Ele destaca que uma das maiores preocupações é com a destruição das culturas. “A gente vê que muitos líderes estão morrendo, muitas crianças sendo abusadas e, principalmente, a nova geração aliciada pelas seduções capitalistas, exatamente como nos anos 1500, época da invasão europeia, quando os portugueses e outros europeus seduziam os povos nativos com o chamado ‘escambo’. A nova geração é levada a ter outro norte e é encantada por novos costumes não indígenas”, alerta.

 

Apurinã observa ainda que a situação envolve, também, uma mudança no ciclo indígena. “Uma mudança no campo social que será muito ruim para nossa sociedade, que já está destruindo povos, culturas e diversos aspectos de extrema relevância para a sociedade indígena. A nossa luta é para mantermos o que, de direito, é nosso. Temos tido muitos problemas graves com este governo e, principalmente, com a bancada ruralista, que é quem promove as invasões e a destruição dos nossos territórios e estão sempre em conflito com a população local, assassinando líderes, crianças e, para a gente, é motivo de tristeza e de luta”, afirma.

 

O problema da Funai


Outro problema muito sério que tem afetado os povos originários é a gestão da Fundação Nacional do Ìndio – a Funai. Criada para materializar a proteção dos povos originários, ela passou a ser, no governo Bolsonaro, um organismo de ataque aos direitos indígenas. 

 

Apurinã afirma que a Funai tem negado, diuturnamente, a proteção territorial às TI que não estão demarcadas ainda, não cumpre suas competências e insiste em negar o suporte de saúde, educação, fiscalização, proteção dessas áreas. “Mesmo sendo não demarcadas ainda, essas terras estão no rol e na lista de territórios a serem demarcados há anos e, sobretudo, porque lá existem populações.
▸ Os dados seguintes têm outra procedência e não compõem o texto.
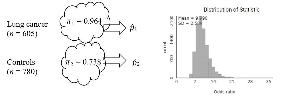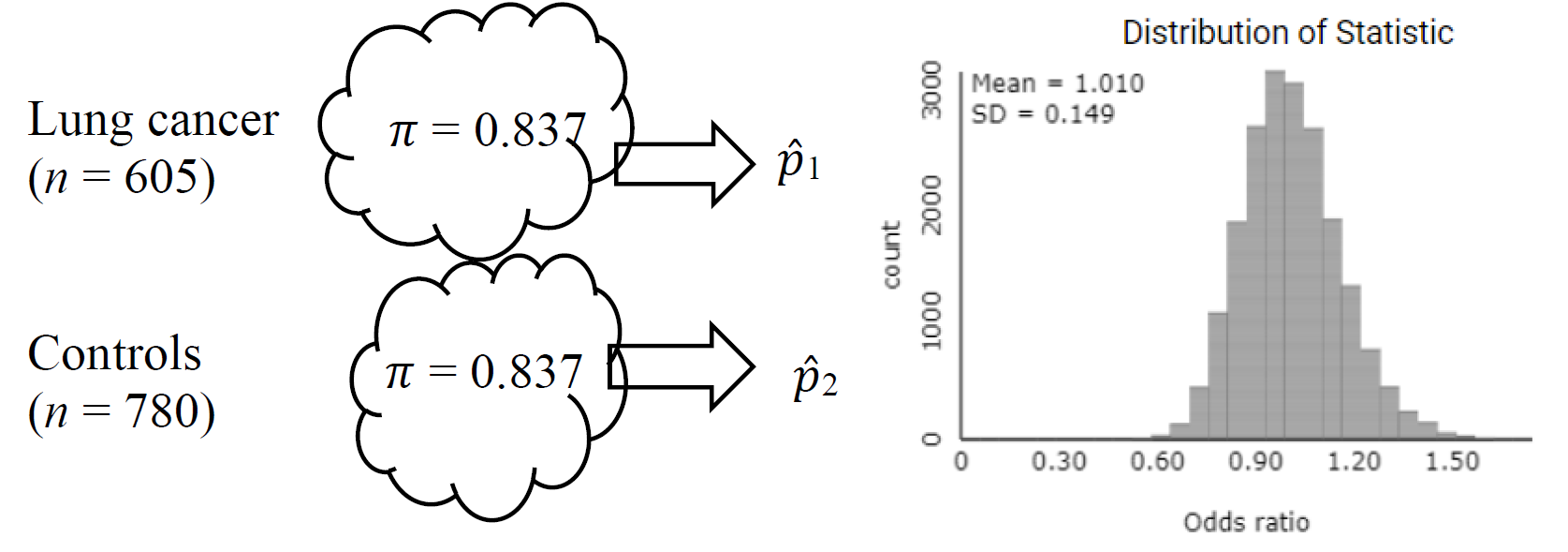 To simulate outcomes for a case-control study, we can treat the numbers of cases (lung cancer patients) and control patients as fixed, and randomly sample from each population, determining the proportion that are in group B (e.g., heavy smokers). Under the null hypothesis, we could use 1159/1385 β 0.837 as the common probability of success in the Comparing Two Population Proportions applet and generate a sampling distribution of odds ratios.

Merecem receber todo o respeito e o cuidado porque lá tem vidas, biodiversidade, sociedade e também grandes problemas”.

 

Ele diz que os problemas só não pioraram porque o Supremo Tribunal Federal (STF) impediu vários atos. “Seguimos mitigando os impactos deste governo, que não pode continuar. Estamos juntos, estamos organizados, porém, a bancada ruralista precisa ser reduzida dentro do Congresso Nacional para que se garanta uma correlação de forças capaz de impedir os desmandos ambientais e a violência contra povos indígenas do País”, finaliza o líder indígena.